Keaton's advice to young actors is a little different from Nicholson's

Jack Nicholson counseled Michael Keaton on making flops during Batman
Michael Keaton, Jack Nicholson Photo: Kevin Winter; Kevork Djansezian

Much about the movie biz has changed, but one thing that remains true–no young actor would turn up their nose at some advice from a legend like Jack Nicholson. In lieu of that (at least, at this particular Drama Actor Emmy Roundtable for The Hollywood Reporter), Michael Keaton is here to pass on his wisdom, though it may not apply to the current cinema landscape.

Discussing the kinds of projects an actor is offered after they hit it big, Keaton recalled: “In the old days, I remember I was in London with Jack Nicholson, we were doing Batman, and he was going somewhere, and he said, ‘Come along with me,’ which is an experience in and of itself.”

“So, we’re in the car and he’s talking about the movie. And we all knew it was a huge risk, and if it goes down, [I’d be] going down in flames and that’s going to be a big, hard recovery. But I also knew if it worked, it could change my landscape,” he continued. “So Jack says, ‘Keats, if this thing’s a hit, you can go out and do four or five flops and not even worry about it.’”

But the times, they have a-changed: “[Maybe] it wasn’t four or five, but it used to be you got away with three and it didn’t matter. Not now, man. You’ve got one miss, which is fucked up.”

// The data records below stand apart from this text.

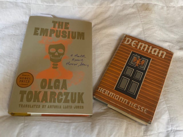 Today I finished a difficult section of my book. I believe I will make my deadline of January 2, so I am quite happy. I have a few different books to choose reading. One I read some time ago, Damien by Herman Hesse and the other recommended to me by my cousin Anthony (who has impeccable taste) called The Empusium by Olga Tokarczuc. Two great possibilities.
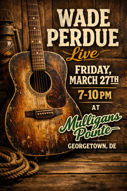 Join us at Mulligans Pointe this Friday, March 27th from 7PM–10PM for a great night of live music with Wade Perdue!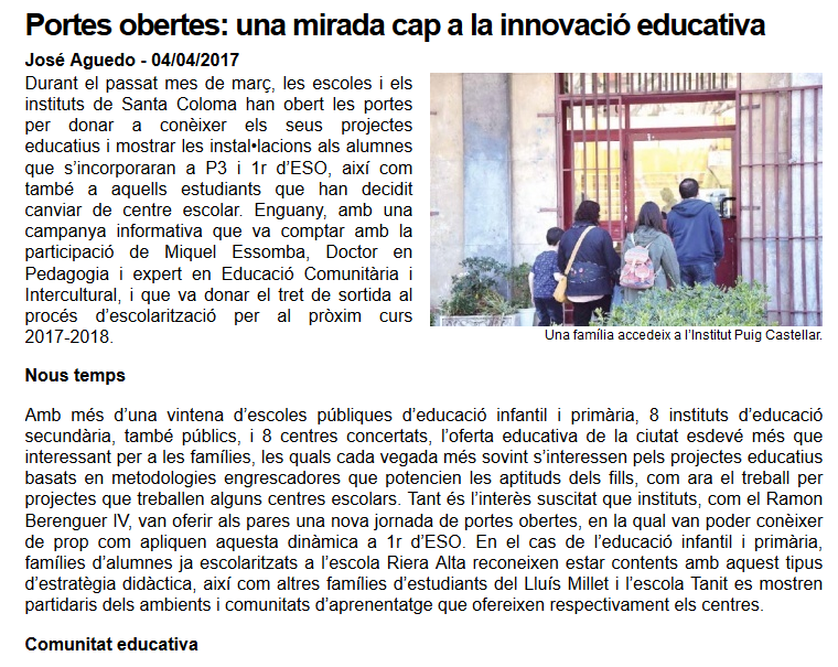 Artícle publicat a al DIARI DE SANTA COLOMA sobre la preinscripció i les jornades de portes obertes.
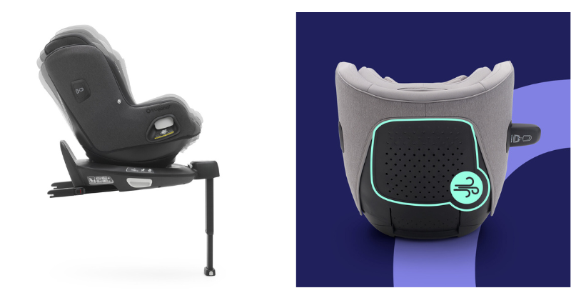 - Pełny obrót 360° (z bazą Isofix 360 – dostępna osobno) – łatwe wkładanie i wyjmowanie dziecka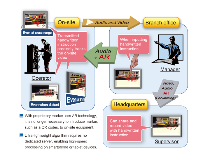 *Augmented reality (AR): A technology whereby virtual additional information, such as instruction contents, can be precisely overlapped on the real video and displayed to express instruction details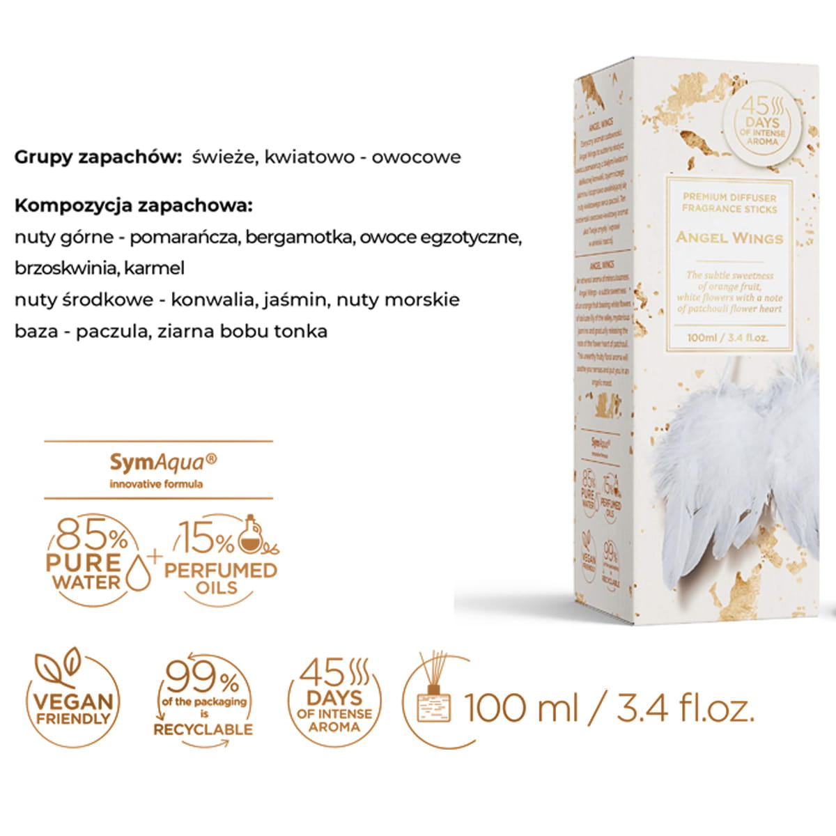 * mieszanka zapachu- słodki zapach pomarańczy, białych kwiatów z nutą paczuli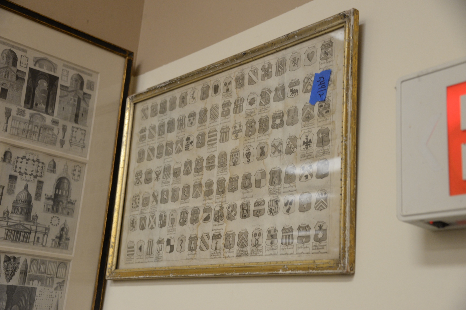 Lot 673: Nine Piece Framed Group, to include two European coats of arms charts two hand-colored engravings with Asian scenes, signed P.C. Ca…

As someone who has now reached legendary status himself, Keaton is now qualified to give his own advice. And rather than bother with a risky flop, his advice is more tried and true: spend time with the people who matter. “One of the reasons I laid low was that I always wanted to be a dad. And then I got the opportunity to be a dad, so I thought, ‘Man, if I lose money, I’m good with it,’” he said.

He added, “I was having this conversation with Bill Hader the other day, he was going through something and I said, ‘Dude, trust me. Hang out with your kids as much as you can for as long as you can. You will never regret it. You’re going to lose some jobs. It’s OK. In the long run, that’s the thing [that matters].’” You heard it here first: rather than risk a flop, just go home to your kids. Your reputation at the box office will thank you!